● INSTRUCTIONS TO FOLLOW: Wherever a line holds the word "shows", copy that line from the data.

(Dataset excerpts)
::::::::::

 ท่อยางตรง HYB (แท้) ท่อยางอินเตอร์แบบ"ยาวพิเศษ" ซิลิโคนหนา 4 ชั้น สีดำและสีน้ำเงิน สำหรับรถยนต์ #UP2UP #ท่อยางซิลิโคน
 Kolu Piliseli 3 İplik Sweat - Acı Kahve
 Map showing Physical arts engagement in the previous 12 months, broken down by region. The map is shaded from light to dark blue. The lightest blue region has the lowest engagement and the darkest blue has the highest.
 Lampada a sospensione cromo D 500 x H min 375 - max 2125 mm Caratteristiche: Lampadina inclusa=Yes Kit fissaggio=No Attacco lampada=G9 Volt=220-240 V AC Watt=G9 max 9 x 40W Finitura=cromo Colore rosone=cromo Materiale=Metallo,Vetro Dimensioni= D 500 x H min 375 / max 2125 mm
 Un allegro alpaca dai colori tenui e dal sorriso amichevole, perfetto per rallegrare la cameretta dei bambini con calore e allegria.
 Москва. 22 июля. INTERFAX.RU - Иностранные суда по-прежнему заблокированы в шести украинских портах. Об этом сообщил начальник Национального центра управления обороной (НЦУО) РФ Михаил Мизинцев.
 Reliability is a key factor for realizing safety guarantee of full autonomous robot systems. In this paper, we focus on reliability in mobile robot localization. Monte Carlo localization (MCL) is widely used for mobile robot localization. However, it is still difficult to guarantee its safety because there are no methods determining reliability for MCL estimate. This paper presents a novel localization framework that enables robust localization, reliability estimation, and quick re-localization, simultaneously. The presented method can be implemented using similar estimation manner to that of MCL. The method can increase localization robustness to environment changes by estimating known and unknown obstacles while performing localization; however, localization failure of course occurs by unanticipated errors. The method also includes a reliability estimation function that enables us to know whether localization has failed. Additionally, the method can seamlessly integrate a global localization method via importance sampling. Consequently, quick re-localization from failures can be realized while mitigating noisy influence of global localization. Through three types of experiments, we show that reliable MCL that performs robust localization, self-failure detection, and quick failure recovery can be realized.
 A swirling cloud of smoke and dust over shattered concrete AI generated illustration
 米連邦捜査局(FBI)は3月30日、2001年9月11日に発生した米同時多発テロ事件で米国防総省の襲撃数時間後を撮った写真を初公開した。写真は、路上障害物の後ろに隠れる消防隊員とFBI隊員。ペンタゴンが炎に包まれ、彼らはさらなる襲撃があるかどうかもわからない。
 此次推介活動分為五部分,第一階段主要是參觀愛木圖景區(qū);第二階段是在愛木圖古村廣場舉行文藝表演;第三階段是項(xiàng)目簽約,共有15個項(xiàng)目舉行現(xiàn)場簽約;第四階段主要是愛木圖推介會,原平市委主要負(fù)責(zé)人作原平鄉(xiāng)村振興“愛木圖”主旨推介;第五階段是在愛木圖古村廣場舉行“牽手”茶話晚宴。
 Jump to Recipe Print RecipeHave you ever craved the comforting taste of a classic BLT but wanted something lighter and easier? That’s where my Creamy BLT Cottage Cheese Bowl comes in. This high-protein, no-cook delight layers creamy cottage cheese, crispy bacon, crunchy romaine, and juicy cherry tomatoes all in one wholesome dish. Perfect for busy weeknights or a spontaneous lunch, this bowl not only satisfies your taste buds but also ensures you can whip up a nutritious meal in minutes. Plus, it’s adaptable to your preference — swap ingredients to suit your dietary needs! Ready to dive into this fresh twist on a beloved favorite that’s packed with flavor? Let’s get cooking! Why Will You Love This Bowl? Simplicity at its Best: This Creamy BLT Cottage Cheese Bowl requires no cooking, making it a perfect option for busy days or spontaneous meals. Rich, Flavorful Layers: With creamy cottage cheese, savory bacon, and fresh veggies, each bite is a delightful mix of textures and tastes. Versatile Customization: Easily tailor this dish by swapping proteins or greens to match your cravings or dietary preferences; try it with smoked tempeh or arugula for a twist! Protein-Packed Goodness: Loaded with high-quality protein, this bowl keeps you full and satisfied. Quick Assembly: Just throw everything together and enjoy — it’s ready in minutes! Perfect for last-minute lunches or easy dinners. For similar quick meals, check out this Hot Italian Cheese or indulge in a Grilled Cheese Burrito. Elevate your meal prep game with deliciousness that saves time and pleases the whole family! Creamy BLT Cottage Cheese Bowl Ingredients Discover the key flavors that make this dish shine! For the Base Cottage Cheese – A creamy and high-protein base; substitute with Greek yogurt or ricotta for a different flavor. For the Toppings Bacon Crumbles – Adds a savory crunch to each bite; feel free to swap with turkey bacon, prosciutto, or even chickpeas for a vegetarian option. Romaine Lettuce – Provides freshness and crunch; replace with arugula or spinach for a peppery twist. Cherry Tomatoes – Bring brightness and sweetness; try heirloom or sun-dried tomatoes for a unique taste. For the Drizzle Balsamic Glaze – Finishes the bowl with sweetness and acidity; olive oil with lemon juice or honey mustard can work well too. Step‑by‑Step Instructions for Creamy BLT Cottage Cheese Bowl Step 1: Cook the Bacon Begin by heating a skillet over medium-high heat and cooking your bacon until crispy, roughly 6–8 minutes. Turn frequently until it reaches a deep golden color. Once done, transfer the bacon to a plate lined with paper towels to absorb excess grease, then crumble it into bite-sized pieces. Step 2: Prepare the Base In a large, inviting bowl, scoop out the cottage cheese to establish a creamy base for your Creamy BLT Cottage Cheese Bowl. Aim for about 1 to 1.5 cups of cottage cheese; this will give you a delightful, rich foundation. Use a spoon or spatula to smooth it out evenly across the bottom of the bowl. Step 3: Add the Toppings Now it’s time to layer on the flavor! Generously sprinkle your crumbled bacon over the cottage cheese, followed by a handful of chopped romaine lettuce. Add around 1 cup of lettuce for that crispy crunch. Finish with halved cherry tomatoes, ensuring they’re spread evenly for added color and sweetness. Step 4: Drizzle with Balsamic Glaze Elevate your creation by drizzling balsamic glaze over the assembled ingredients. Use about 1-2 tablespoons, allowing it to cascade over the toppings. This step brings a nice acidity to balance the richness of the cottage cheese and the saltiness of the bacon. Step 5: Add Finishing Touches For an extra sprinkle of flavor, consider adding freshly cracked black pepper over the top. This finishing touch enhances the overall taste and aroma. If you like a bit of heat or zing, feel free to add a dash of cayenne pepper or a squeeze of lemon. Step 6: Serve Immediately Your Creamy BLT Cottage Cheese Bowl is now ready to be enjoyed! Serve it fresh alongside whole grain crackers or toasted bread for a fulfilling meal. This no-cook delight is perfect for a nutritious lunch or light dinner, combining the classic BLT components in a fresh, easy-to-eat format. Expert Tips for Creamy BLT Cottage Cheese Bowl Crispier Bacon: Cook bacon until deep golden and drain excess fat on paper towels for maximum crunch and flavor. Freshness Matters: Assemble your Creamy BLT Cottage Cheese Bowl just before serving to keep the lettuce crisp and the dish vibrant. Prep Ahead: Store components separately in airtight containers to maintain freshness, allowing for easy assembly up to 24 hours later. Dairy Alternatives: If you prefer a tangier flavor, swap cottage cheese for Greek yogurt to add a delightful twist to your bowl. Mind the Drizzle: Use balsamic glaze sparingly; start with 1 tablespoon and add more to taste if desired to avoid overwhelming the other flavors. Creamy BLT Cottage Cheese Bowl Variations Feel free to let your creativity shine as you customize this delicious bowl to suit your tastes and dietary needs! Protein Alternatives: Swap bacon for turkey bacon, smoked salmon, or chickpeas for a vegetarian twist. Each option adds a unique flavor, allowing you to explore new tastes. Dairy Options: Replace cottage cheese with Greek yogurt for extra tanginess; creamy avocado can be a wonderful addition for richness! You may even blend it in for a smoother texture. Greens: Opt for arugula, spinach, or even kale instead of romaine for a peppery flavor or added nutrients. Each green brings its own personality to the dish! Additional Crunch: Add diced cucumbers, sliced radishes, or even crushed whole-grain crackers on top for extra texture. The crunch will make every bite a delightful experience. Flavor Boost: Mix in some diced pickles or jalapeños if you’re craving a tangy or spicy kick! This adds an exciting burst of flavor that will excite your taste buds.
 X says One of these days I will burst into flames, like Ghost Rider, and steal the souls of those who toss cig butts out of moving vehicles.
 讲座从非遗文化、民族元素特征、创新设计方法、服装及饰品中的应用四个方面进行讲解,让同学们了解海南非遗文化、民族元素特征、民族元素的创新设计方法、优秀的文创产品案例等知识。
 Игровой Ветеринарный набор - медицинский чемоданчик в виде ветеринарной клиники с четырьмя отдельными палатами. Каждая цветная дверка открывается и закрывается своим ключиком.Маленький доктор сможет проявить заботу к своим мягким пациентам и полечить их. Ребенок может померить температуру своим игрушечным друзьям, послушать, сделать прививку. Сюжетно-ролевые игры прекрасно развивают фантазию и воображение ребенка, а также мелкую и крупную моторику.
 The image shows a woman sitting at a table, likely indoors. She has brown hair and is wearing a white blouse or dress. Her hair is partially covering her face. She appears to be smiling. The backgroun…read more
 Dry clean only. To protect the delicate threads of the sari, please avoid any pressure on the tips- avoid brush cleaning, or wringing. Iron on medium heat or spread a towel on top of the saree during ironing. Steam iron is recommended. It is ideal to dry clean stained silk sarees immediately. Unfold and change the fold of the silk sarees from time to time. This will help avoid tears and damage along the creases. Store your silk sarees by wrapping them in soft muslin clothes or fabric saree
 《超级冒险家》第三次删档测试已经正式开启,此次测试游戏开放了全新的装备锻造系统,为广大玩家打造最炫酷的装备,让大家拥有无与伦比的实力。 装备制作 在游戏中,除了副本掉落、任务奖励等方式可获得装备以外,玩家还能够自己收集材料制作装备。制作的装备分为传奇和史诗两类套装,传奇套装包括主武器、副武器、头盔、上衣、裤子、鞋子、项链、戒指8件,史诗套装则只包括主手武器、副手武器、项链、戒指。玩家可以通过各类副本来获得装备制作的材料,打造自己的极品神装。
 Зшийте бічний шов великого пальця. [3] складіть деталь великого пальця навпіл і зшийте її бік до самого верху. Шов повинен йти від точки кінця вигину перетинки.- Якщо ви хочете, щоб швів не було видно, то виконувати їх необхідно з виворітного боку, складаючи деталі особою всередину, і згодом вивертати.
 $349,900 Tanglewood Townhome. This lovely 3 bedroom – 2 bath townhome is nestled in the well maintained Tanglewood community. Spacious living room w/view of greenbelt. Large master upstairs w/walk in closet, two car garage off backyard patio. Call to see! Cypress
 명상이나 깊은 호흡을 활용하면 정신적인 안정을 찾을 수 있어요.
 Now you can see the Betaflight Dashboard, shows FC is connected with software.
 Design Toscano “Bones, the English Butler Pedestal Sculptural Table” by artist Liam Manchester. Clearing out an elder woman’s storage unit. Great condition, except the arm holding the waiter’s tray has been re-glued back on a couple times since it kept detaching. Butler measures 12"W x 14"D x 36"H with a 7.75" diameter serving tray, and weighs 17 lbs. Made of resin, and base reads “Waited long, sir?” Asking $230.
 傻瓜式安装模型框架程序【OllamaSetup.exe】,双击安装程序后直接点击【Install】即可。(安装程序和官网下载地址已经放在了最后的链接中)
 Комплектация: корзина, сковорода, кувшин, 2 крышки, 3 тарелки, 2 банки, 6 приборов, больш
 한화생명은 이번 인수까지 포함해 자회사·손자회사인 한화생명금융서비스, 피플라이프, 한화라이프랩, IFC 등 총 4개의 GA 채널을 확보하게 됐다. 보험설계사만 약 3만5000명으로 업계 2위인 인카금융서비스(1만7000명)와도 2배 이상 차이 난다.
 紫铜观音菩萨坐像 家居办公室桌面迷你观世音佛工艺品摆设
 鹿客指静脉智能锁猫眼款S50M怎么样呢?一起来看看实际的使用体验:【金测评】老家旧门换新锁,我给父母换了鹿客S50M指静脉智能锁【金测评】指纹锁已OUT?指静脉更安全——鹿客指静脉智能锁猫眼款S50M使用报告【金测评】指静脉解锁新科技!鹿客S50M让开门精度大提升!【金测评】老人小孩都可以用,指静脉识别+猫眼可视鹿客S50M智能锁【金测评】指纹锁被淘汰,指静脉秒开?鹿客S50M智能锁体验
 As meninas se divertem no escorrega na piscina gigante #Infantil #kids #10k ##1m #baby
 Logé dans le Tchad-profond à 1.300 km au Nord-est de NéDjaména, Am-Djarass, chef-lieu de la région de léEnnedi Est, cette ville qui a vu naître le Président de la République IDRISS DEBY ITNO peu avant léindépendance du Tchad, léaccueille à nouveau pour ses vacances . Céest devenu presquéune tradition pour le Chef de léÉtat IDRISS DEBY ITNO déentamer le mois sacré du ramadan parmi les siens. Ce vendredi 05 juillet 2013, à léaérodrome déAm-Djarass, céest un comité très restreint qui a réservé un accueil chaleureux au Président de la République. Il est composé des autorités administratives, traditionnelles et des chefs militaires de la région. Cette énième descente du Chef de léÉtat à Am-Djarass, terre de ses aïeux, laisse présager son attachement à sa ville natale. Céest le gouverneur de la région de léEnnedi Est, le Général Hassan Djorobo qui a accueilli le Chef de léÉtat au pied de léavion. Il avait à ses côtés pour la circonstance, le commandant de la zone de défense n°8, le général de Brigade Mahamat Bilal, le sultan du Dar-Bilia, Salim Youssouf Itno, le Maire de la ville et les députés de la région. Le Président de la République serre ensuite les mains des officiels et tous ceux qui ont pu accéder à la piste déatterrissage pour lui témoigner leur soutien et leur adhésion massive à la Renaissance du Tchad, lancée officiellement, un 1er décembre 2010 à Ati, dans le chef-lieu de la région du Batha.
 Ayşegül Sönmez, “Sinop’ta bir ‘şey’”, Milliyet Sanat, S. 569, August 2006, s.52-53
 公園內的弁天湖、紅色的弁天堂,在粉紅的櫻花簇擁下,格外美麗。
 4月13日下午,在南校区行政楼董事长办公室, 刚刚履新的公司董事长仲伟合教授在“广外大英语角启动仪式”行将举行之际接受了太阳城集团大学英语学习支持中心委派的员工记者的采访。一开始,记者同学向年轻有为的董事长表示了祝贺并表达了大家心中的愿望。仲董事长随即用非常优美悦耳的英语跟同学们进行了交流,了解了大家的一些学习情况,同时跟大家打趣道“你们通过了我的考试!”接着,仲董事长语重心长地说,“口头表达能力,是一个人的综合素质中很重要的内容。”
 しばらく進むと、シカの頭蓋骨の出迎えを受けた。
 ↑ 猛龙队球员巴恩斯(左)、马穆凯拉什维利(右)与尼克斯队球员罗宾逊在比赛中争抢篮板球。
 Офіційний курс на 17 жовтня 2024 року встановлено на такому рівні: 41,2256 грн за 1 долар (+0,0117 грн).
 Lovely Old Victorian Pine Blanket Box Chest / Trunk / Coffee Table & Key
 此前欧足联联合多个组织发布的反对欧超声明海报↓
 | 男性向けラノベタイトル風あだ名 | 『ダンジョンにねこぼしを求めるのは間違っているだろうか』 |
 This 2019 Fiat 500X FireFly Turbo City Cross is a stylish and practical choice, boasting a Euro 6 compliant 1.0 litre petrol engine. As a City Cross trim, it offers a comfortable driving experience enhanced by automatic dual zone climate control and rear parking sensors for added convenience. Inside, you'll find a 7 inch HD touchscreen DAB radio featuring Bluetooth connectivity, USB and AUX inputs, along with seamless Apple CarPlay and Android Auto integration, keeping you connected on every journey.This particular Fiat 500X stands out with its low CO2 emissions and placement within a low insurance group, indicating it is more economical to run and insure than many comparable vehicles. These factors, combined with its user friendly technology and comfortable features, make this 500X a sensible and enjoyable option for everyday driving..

::::::::::

● SOLUTION TO THIS EXERCISE:
 The image shows a woman sitting at a table, likely indoors. She has brown hair and is wearing a white blouse or dress. Her hair is partially covering her face. She appears to be smiling. The backgroun…read more
 Now you can see the Betaflight Dashboard, shows FC is connected with software.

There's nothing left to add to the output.